Their model focused on two distinct types of interactions. The first are what the researchers called “social forces.” Those are ones where two pedestrians could see each other in advance and could adjust their trajectories. If two people came too close to one another, they did what you’d expect – gradually angle away from each other, so they would pass at a comfortable distance. But, more interestingly from a scientific point of view, the data also gave measurements of such things as how far apart is considered a comfortable distance and just how much people changed their trajectory to avoid getting too close. The minimum comfortable distance seems to be about 75 or 80 centimeters, or 29.5 to 31.5 inches.

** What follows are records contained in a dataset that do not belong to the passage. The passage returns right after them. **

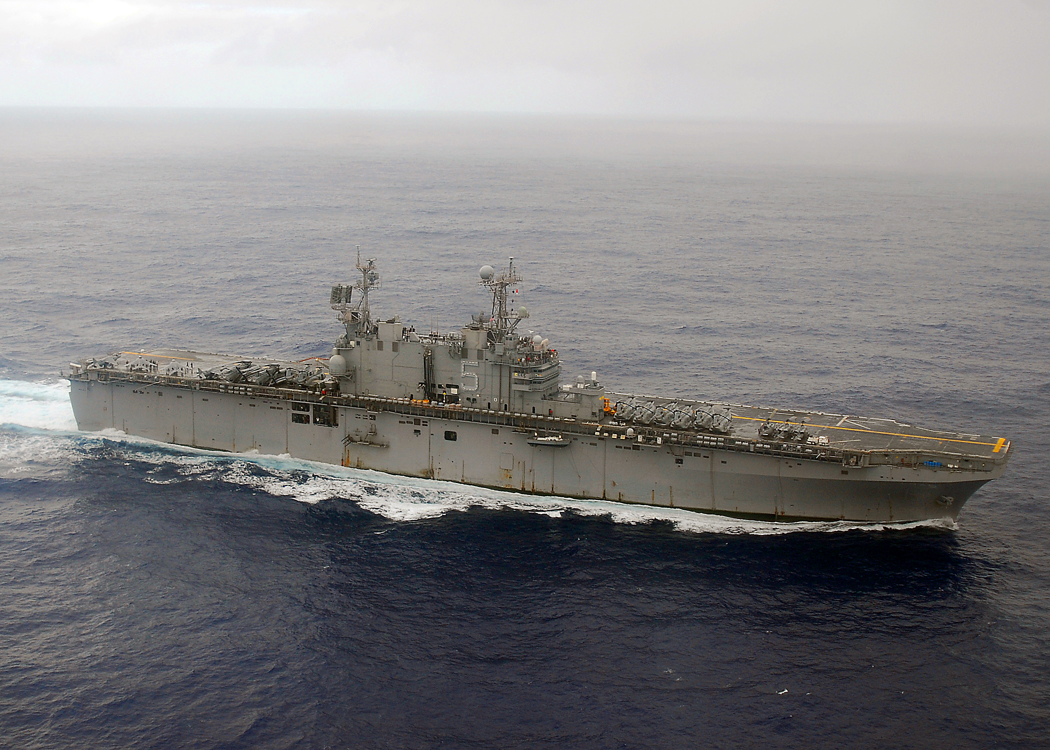 546k | USS Peleliu (LHA-5) steams through the South China Sea, 30 May 2008. Peleliu is the flagship of the Peleliu Expeditionary Strike Group and is on a scheduled deployment. US Navy photo # 080530-N-2179W-234 SOUTH CHINA SEA (May 30, 2008) by MC2 Scott Web. |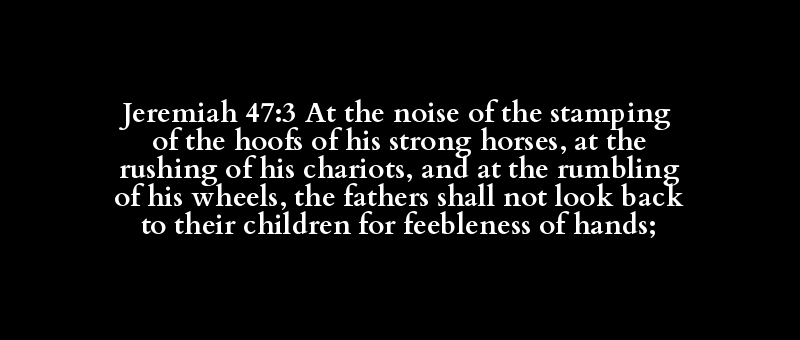 Jeremiah 47:3 At the noise of the stamping of the hoofs of his strong horses, at the rushing of his chariots, and at the rumbling of his wheels, the fathers shall not look back to their children for feebleness of hands;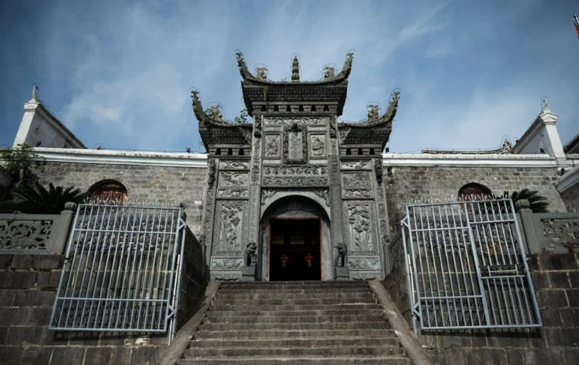 7月13日上午,調(diào)研支隊(duì)到達(dá)內(nèi)陸最大的媽祖廟——芷江天后宮對(duì)其門樓進(jìn)行觀摩。門樓兩側(cè)雄獅蹲距,石鼓對(duì)峙;頂蓋斗拱飛櫞,十二金鯉咬脊,葫蘆攢尖;左右青石鋪地,并圍繞菱龍、走獸紋樣的青石欄桿。95幅青石浮雕,或魚龍鳳獅、或花草鳥蟲、或神仙鬼神,內(nèi)容豐富,栩栩如生。天后宮門樓的元素眾多,但并不給人擁擠的感覺(jué),反而華麗中彰顯著濃厚的文化,畫面中呈現(xiàn)著繁榮的盛世。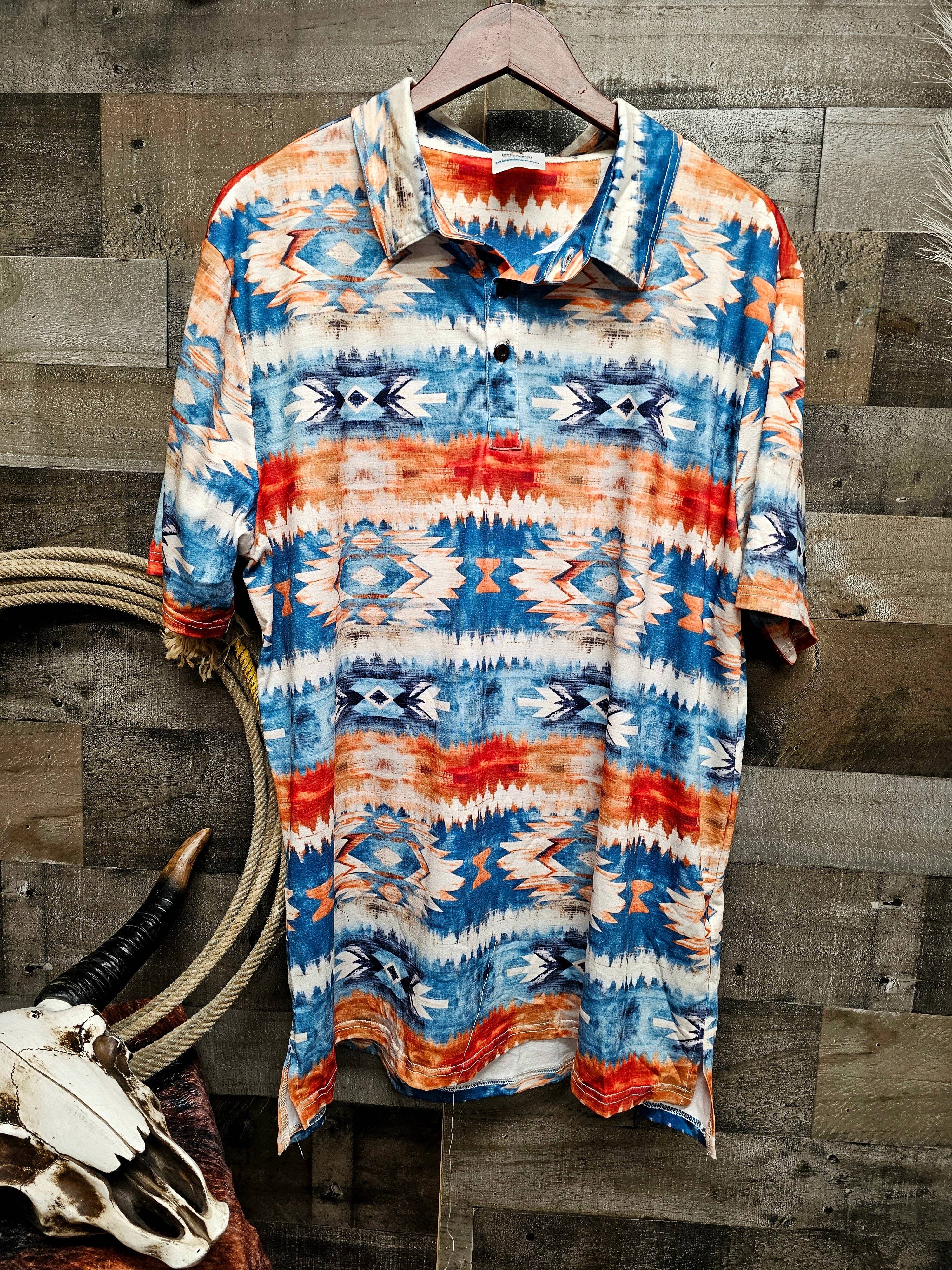 Our custom designed arena shirts are absolutely stunning and you won't find them anywhere else! Boast some serious style in this Unisex Western Button Up Shirt . Be rodeo-ready! Made from 100% polyester, lightweight and comfortable. Fabric has a slight sheen. This classic shirt provides a button-up style with long sleeves and chest pocket. Two buttons are included on each sleeve cuff to adjust a comfortable fit. PLEASE ALLOW UP TO 14 BUSINESS DAYS TO RECEIVE YOUR ORDER. Please calculate your size from the measurement chart below. These are a men's or unisex fit but women love them too, especially for the extra arm length and room while riding. Wash in cold, Non-chlorine; Iron on low with cover; Hang to dry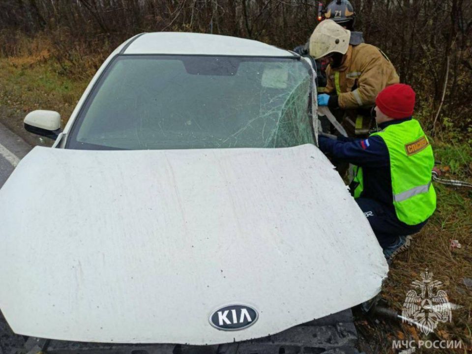 В результате ДТП произошло касательное столкновение грузовика и легкового автомобиля. В результате столкновения грузовик съехал в кювет, а водитель и пассажир легковушки оказались заблокированы в салоне.На место происшествия оперативно прибыли...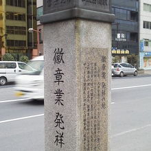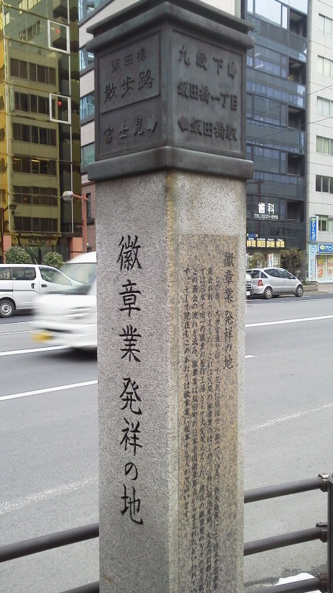 飯田橋駅から九段下までわたる歴史的趣を感じる”飯田橋散歩路”にあるのがここ「徽章業発祥の地」。ここは、”飯田橋散歩路”でも割と飯田橋駅からちょっと歩いたところにあります。ここは、なんでも、明治18年に鈴木梅吉氏がここに、日本帝国徽章商会を創設したとのこと。ここは、民間の徽章業のはしりで、明治~大正において、徽章の製作工場として発展したそうです。そのため、徽章業が飯田町の日本徽章商会から生まれたといわれるくらいになtっとのこと。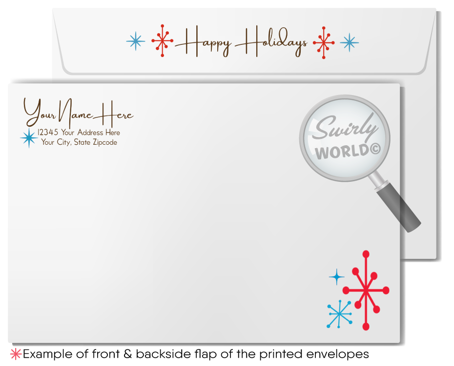 This vintage mid-century Christmas card has been crafted by Swirly World Designs, known for their attention to detail and commitment to quality. Customers appreciate the prompt production timeline—expect delivery within one week after proof approval—ensuring your holiday cards arrive on time. Whether you are sending 1950s vintage holiday cards for personal use or seeking standout corporate holiday greeting cards, this retro mod holiday card provides a memorable way to celebrate the season.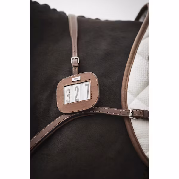 Lippo’s praktiska och stilrena nummerlapp i läder erbjuder ett enkelt och elegant sätt att visa ditt tävlingsnummer. Nummerlappen kan fästas på flera olika sätt, exempelvis på schabraket, förbygeln, tränset eller stigbygeln, med hjälp av antingen en säkerhetsnål eller en avtagbar elastisk kardborre för säker fastsättning. Den diskreta och snygga designen gör att nummerlappen passar in i alla tävlingssituationer. De plastade numren är slitstarka och lätta att hålla rena, vilket gör nummerlappen både praktisk och hållbar. En mångsidig nummerlapp som är enkel att använda och passar för olika behov. Rund - 3 siffror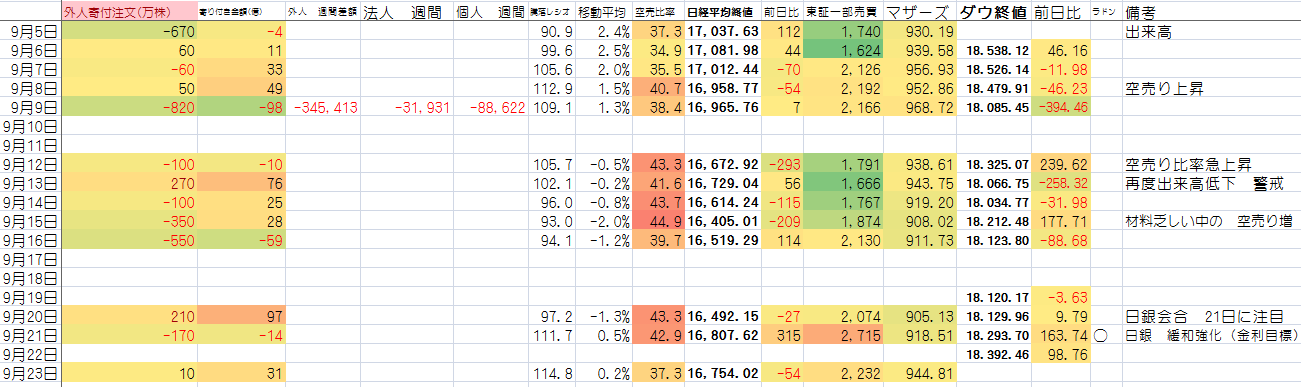 2016/09/23 - たか○さんの株式ブログ。タイトル:「データ集計」 本文:つかみどころがない感じ。特にこれって感じがない。しいて言えば 空売り比率が 下落した。先物が一気に下がった後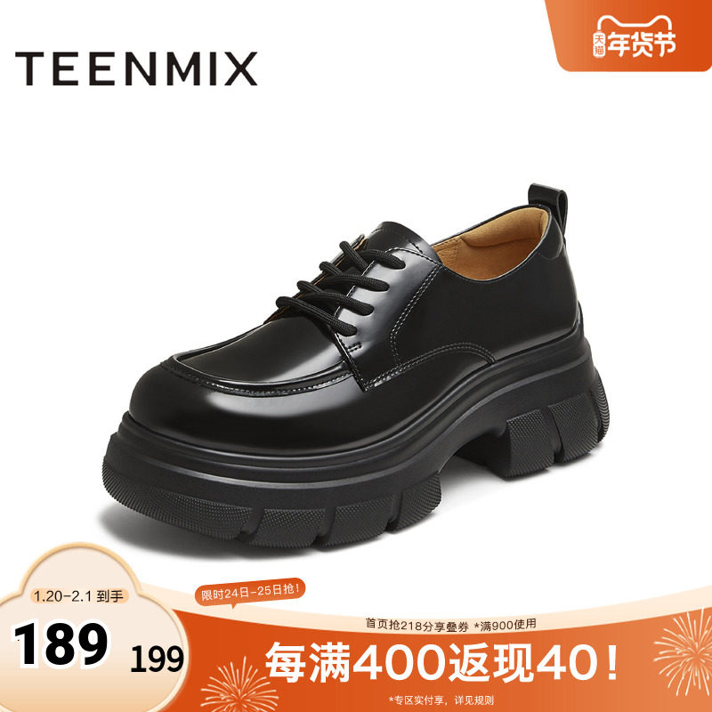 天美意厚底增高复古乐福小皮鞋女牛津鞋单鞋2025秋季新款CFR20CM5
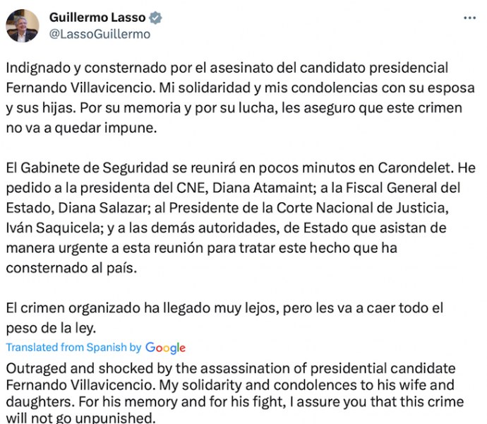 "Organised crime has come a long way, but the full weight of the law will fall on them,” Lasso said as he declared a state of emergency for 60 days.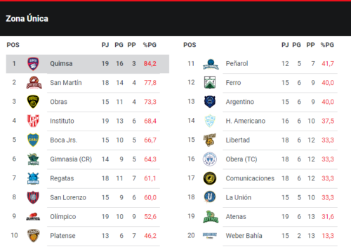 Las posiciones lo encuentran a Quimsa como lider, seguido de San Martín y Obras.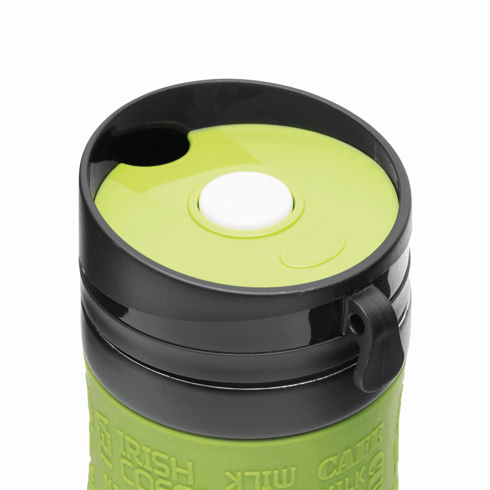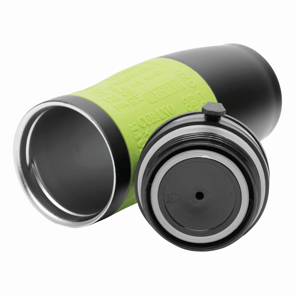 Dubbelwandige isoleerbeker van roestvrij staal GOLDEN DREAM met een inhoud van ca. 380 ml. Schroefdeksel met geïntegreerde drinktuit en handig haakje om het deksel aan de beker op te hangen. Voor een goede grip is de buitenzijde van siliconen-materiaal.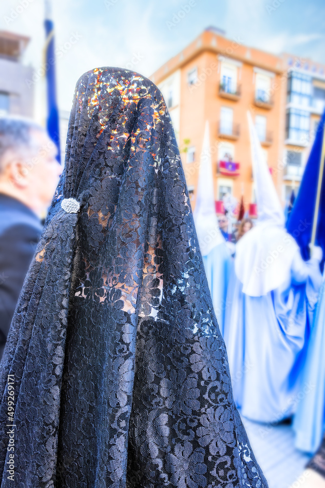 Samolepka Detail of the head of a woman with a black spanish mantilla and peineta (ornamen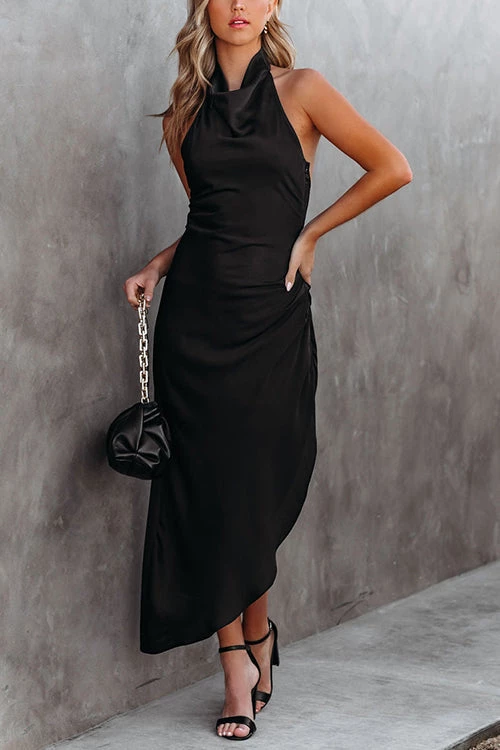 A draped dress is so timeless and chic! Our Havyn Satin Asymmetrical Halter Midi Dress in mocha features a gathered side. Secured with a concealed side zipper closure.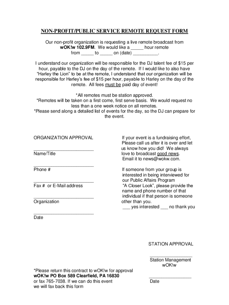 NONPROFIT/PUBLIC SERVICE REMOTE REQUEST FORM Our nonprofit organization is requesting a live remote broadcast from wok!w 102.9FM. We would like a ___ hour remote from ___ to ___ on (date) ___. I understand

The second type of interaction was “collision avoidance,” which occurred when two pedestrians got very close before becoming aware of one another. In this situation, the walkers came almost close enough to collide before making a marked and large change in their direction. The study didn’t explicitly say, but I can’t help but suspect that these close collisions were often the result of people staring at their phones, rather than focusing on where they were going.

The data that was collected was used to build a mathematical model, which was then implemented as a computer simulation that was tested against the data to assess its accuracy. Researchers found that, using the model, they could simulate how people interacted in a real world, crowded multi-person environment. While the data against which they tested their simulations was the same from which they devised their model, the simulation reproduced a broad array of observed behaviors.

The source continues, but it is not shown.